DavyMarkham is the world's largest vertically integrated mine hoist supplier and has supplied mine hoists and installation support for Vale on previous projects.
Clark added: “The importance of manufacturing in the UK, and particularly in Sheffield, is bolstered by DavyMarkham’s ability to provide mine hoist solutions that meet the needs of customers such as Vale.
“We are pleased to have been awarded this contract and this reinforces the need for DavyMarkham to continue the development of our technology to ensure that we meet the future demands of customers.
“Commitment to research and development and understanding our customer needs ensures that we will be here supporting mining companies like Vale well into the future as they continue to sustain and expand their operations.”
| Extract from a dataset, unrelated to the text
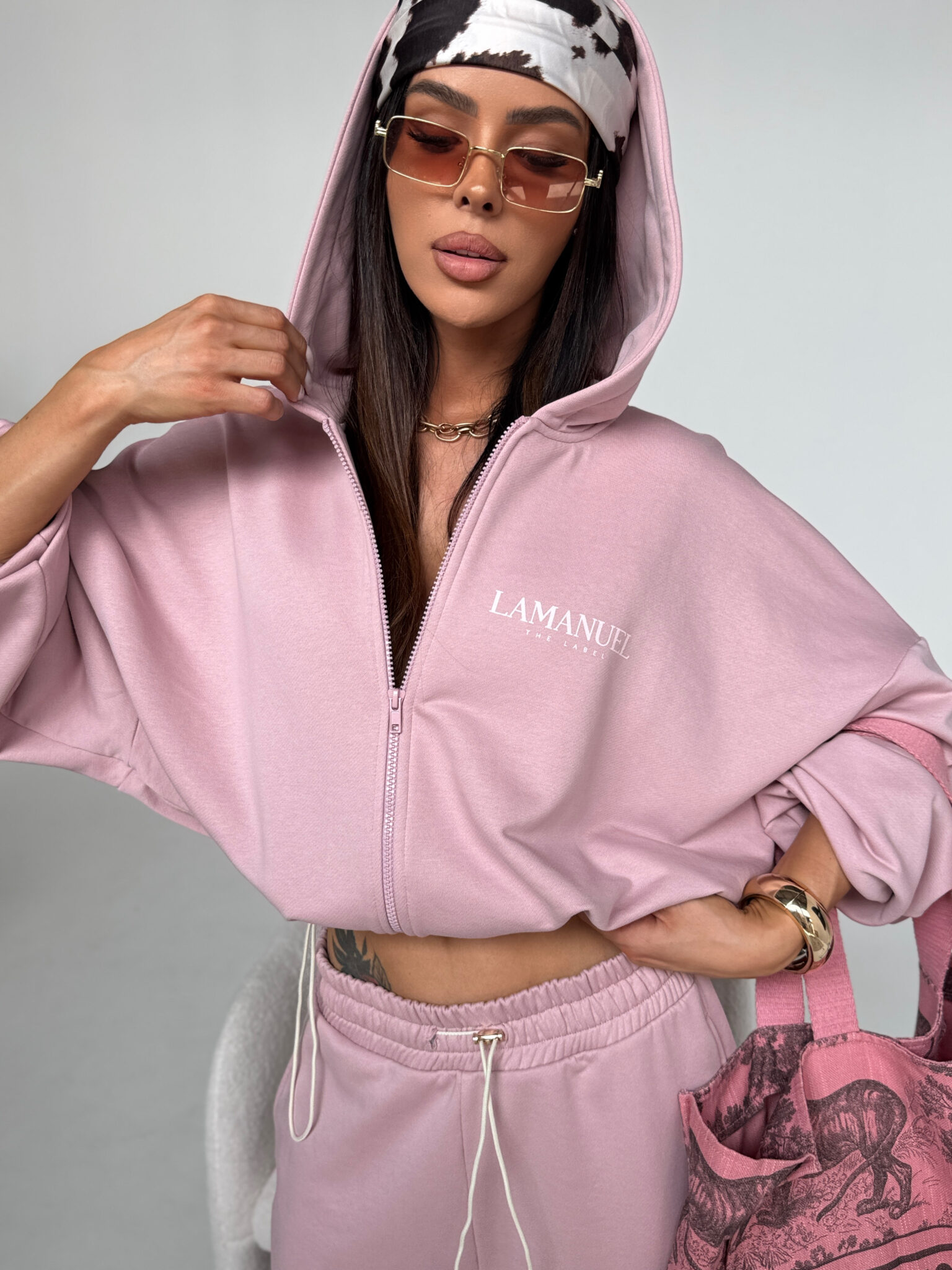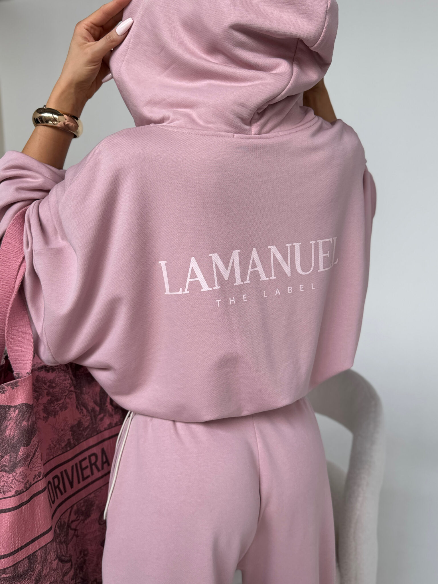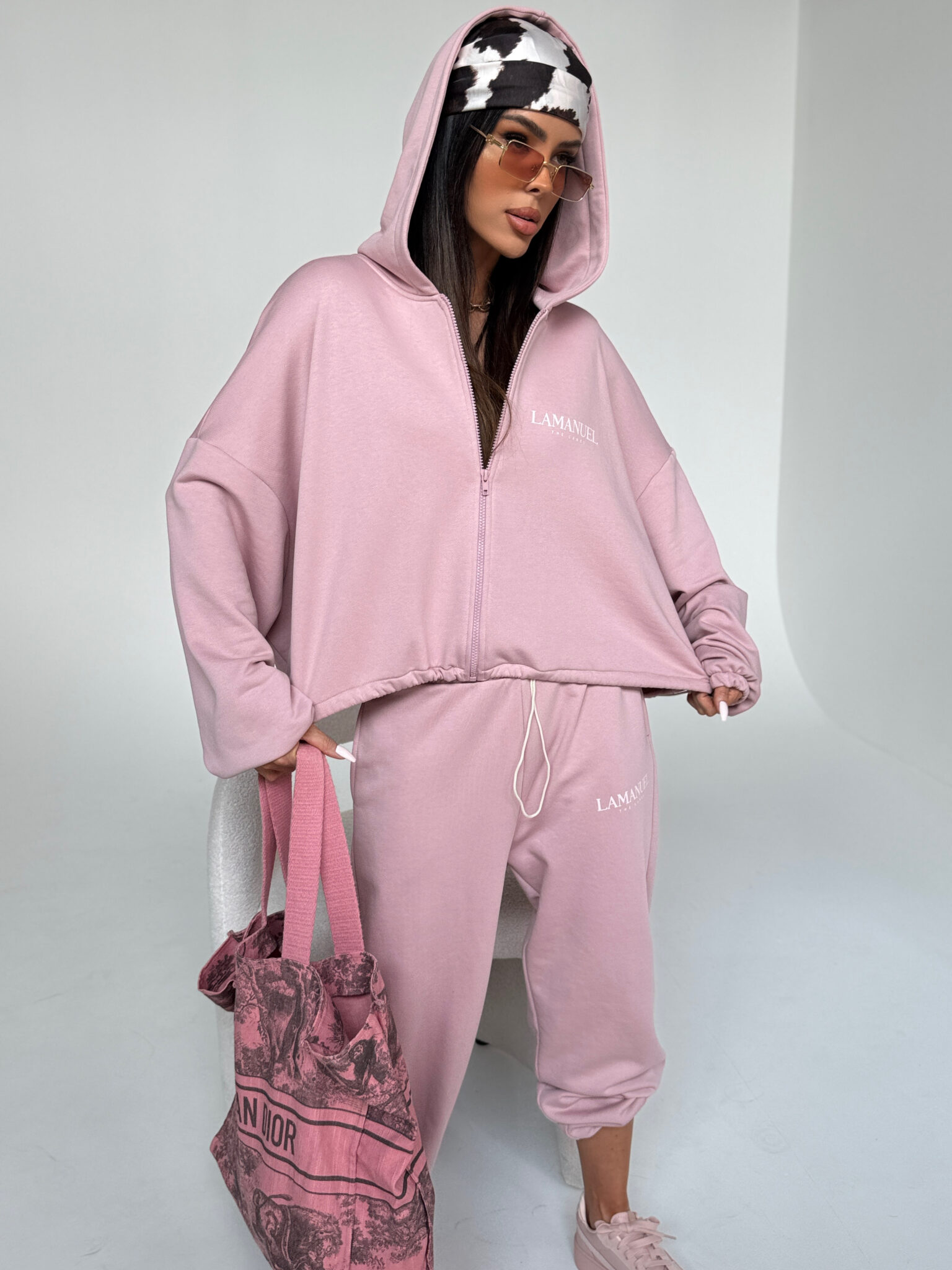 Bluza o luźnym kroju zapinana na suwak z kapturem i wszytym ściągaczem na dole, który umożliwia regulację szerokości i podkreślenie talii. Rękawy szerokie, zakończone delikatną gumką. Na piersi oraz na plecach znajduje się wyraziste logo LAMANUEL, które nadaje całości charakteru. Model wykonany z miękkiej, przyjemnej w dotyku dzianiny, idealny na co dzień i w podróży. Połącz je ze spodniami CLOUDY, aby mieć stylizację w całości. Bluza pasuje od rozmiaru XS do XL.

The company also announced this month that it had secured a £20m contract with Magnox Ltd to help with the safe decommissioning of nuclear facilities in the UK, adding to its growing international reputation for heavy and complex engineering, notably in the mine hoist, tunnel boring, hydro, steel and bridge building sectors.
And this recent success has been bolstered not only by the new strategy implemented by the company’s new owners but also Britain’s decision to leave the European Union, which Clark believes has proven to be a real boon for the company.
He said: “The change in currency has made us more competitive in the international market and this has been demonstrated through the recent award of a multi-million-pound engineering and manufacturing contract for mine hoists in Canada.
“Competition is typically the US, Canada and mainland Europe and improved competitiveness is leading to increased confidence in the medium-term post Brexit. We will continue to seek projects around the world and compete with our fellow Europeans.”
So, what’s next for DavyMarkham? Clark concludes: “There are a number of major infrastructure projects on the horizon, including HS2, Swansea Bay Tidal Lagoons and flood protection schemes such as Boston Barrier. Improved concentration on these markets through the recruitment of seasoned professionals and is key to our expansion.
“In addition, we will continue to increase the employment and training of apprentices and by September of next year we anticipate having approximately 20 apprentices in varying stages of development.
“The company has grown by about 10% since the start of 2017 and this is largely attributable to the success in securing contracts in the nuclear and defence and infrastructure markets. We’re also anticipating further growth over the next 12 months of at least 10%.”